Low tire pressure is one of the leading causes behind tire blow-outs and reduced gas mileage. If your car’s tires are not inflated to the recommended air pressure level, there is an increased risk of overheating.
At high speeds this can be very dangerous since it could lead to a chemical breakdown of the tires. At this point, tire blowouts can happen, and it could impact your ability to control and maneuver your vehicle – putting you and other drivers on the road at risk.
What is Tire Pressure?
Simply put, tire pressure is the measure of atmospheric pressure inside a tire. The pressure inside a tire is usually measured or rated in pounds per square inch (psi).
Most people fail to distinguish between the tire pressure and the maximum air pressure allowed. The latter is what is displayed or listed on the tires.
Where Can I Find the Correct Tire Pressure for my Car Tires?
If you want to find the recommended air pressure for your car tires, the best place to find that information is your driver’s manual.
On top of this, it could also be listed either in the glove compartment door or you can find the recommended tire pressure on the door pillar on the driver’s side.
If you take your car for regular maintenance, your car technician will use specific pressure gauges to get an accurate reading. In fact, most car service centers do a routine tire pressure check during a regular service call.
What are the Dangers of Driving with Low-Pressure Tires?
To know how driving with low pressure tire puts you at risk, consider the following.
Risk of Tire Blowout
A tire blowout is not only dangerous, but it can be traumatic because you have no control over your car. Here’s what happens:
- If your tire pressure falls below the recommended level, it can lead to the tire sidewalls flexing or expanding.
- When this happens excessive amounts of heat get generated within the tire.
- If the heat generated inside the tires reaches a tipping point, it can lead to tread separation which in turn can cause a tire blowout.
Controlling the Car Becomes Difficult
- Low tire pressure can cause the sidewalls of the tire to flex.

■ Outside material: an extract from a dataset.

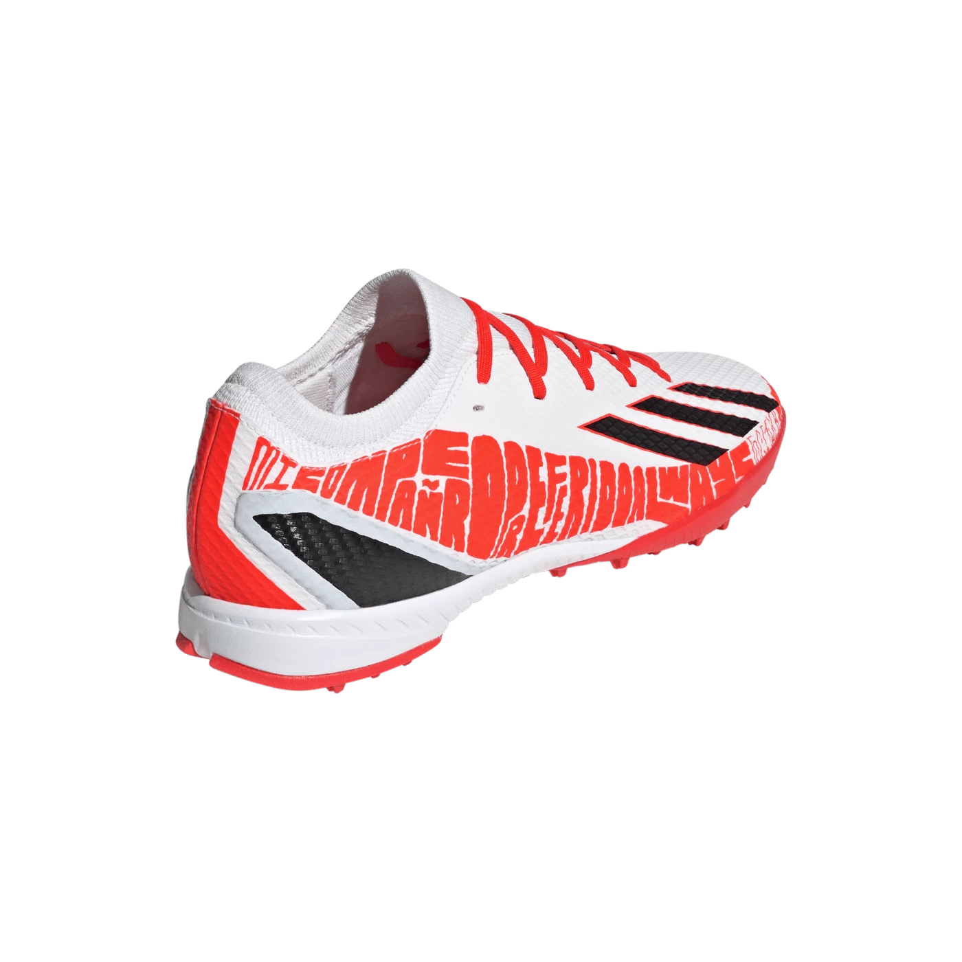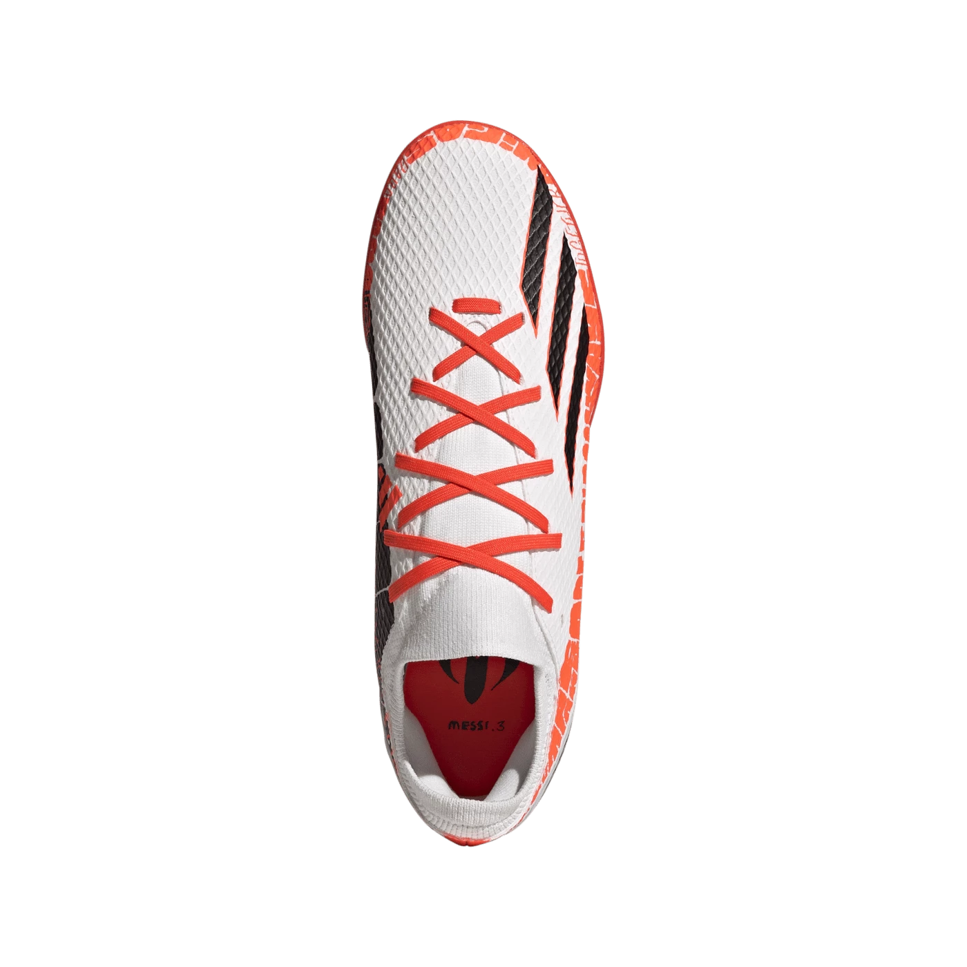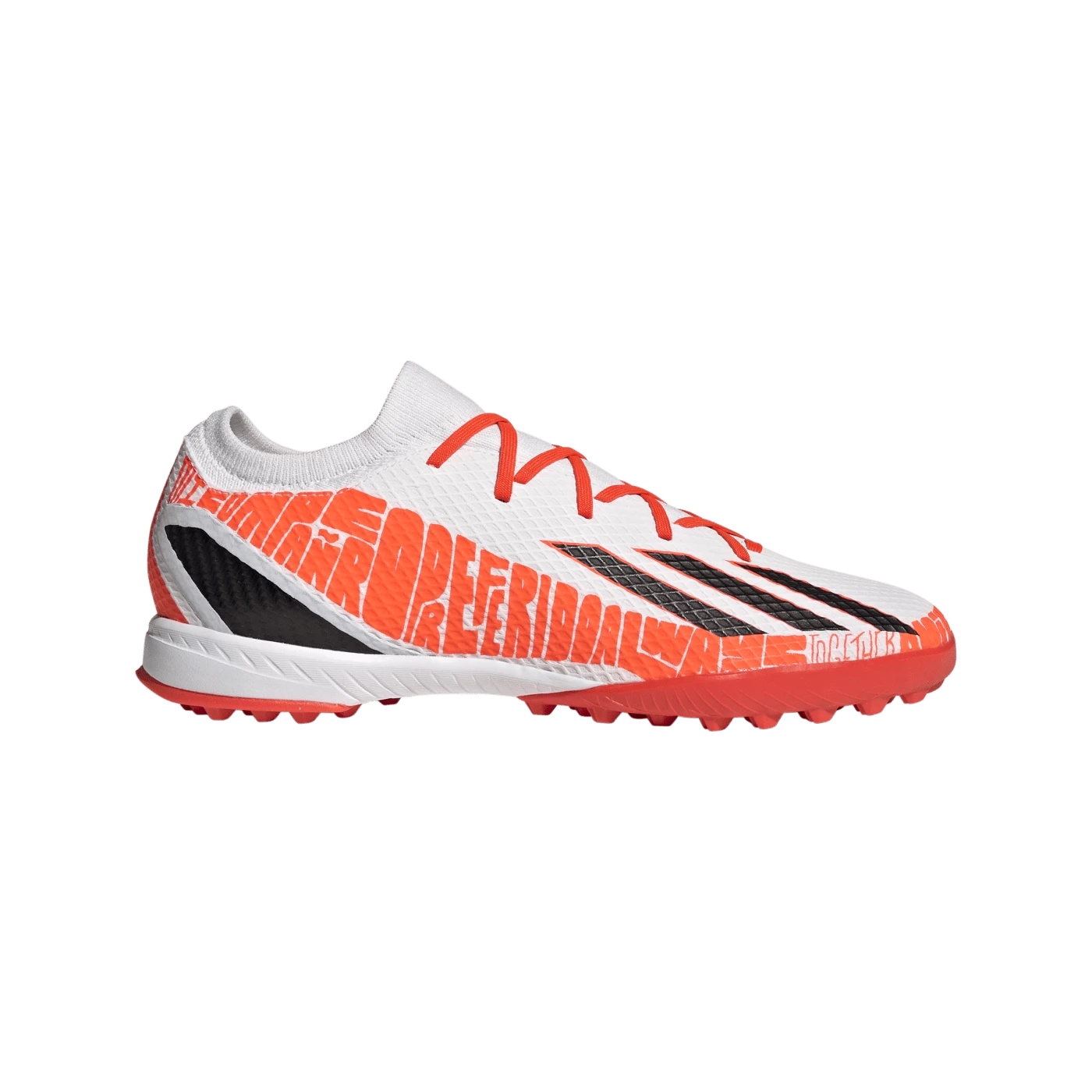 Time and space. It’s all relative when you play in a different dimension. Open the gateway to multidimensional speed in adidas X Speedportal. The lug rubber outsole on these football boots keeps you quick on artificial turf while an EVA midsole cushions every step. Up top, the soft, coated textile upper includes a supportive flat-knit collar and rigid TPU external heel lock to keep you strapped in for blink-quick skills. Bold graphics highlight Lionel Messi’s lifelong love affair with the ball.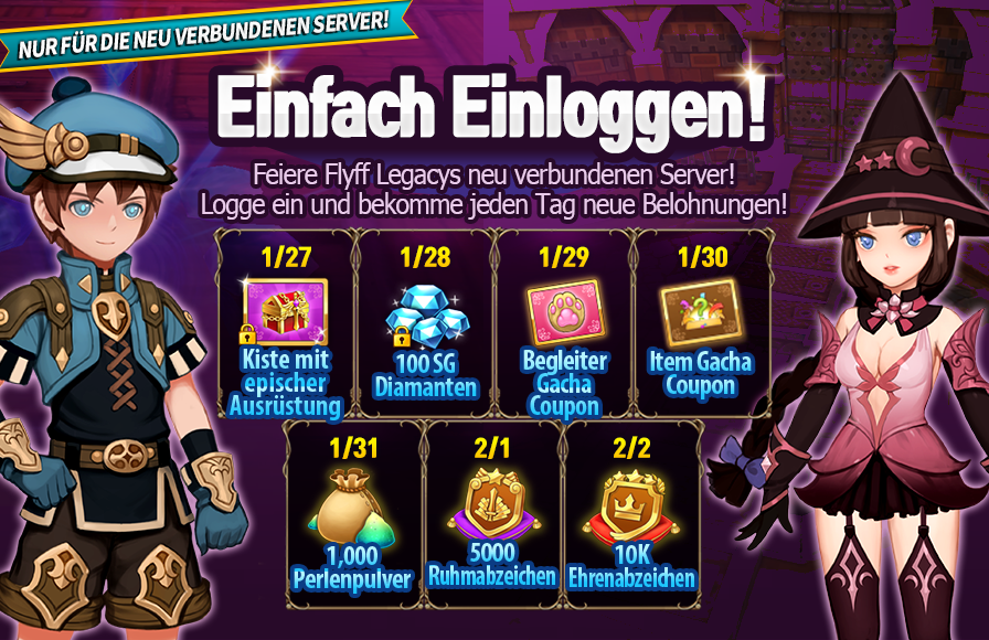 BESCHREIBUNG: Einloggen und jeden Tag neue Belohnungen abstauben! (Nur für neu gemergte Server)

- However, the extent to which the sidewall flexes increases while navigating a turn or when applying brakes.
- This can impact traction and cause both the tires as well as the car to become unstable.
- When this happens, you will find that your steering response time is affected and the braking distance for the car increases.
- If the stability of your tires and the braking is impacted, then it increases the risk for accidents and crashes.
7 Important Things You Need to Know About Checking Tire Pressure
- Pencil-style gauges might be popular; however, they don’t often give accurate readings of tire pressure. It is better to use digital or analog gauges which offer a more relatively accurate reading.
- Make sure you check the tire pressure when the tire is cold or when the tire is at normal air temperature.
- Make sure you check the pressure for all four tires at the same time – keep in mind that several factors impact your tire pressure which means that it is not necessary for all four tires to give the same reading at one time.
- Radial tires tend to look the same regardless of whether they are over inflated or under inflated. To check the pressure of radial tires, use a gauge and be sure to check the pressure at least once a month.
- We recommend you check your tire pressure at least once a month or at least once every two months. In addition, it is best to have your tires rotated every 5,000 to 10,000 miles to help equalize the tread and to increase the longevity of your car tires.
- While checking the pressure for all four tires, make sure you check the spare tire as well.
- If you plan on travelling long distance, make sure you have your car tire pressure checked. You don’t want to be stranded on the side of the road during an Arizona summer.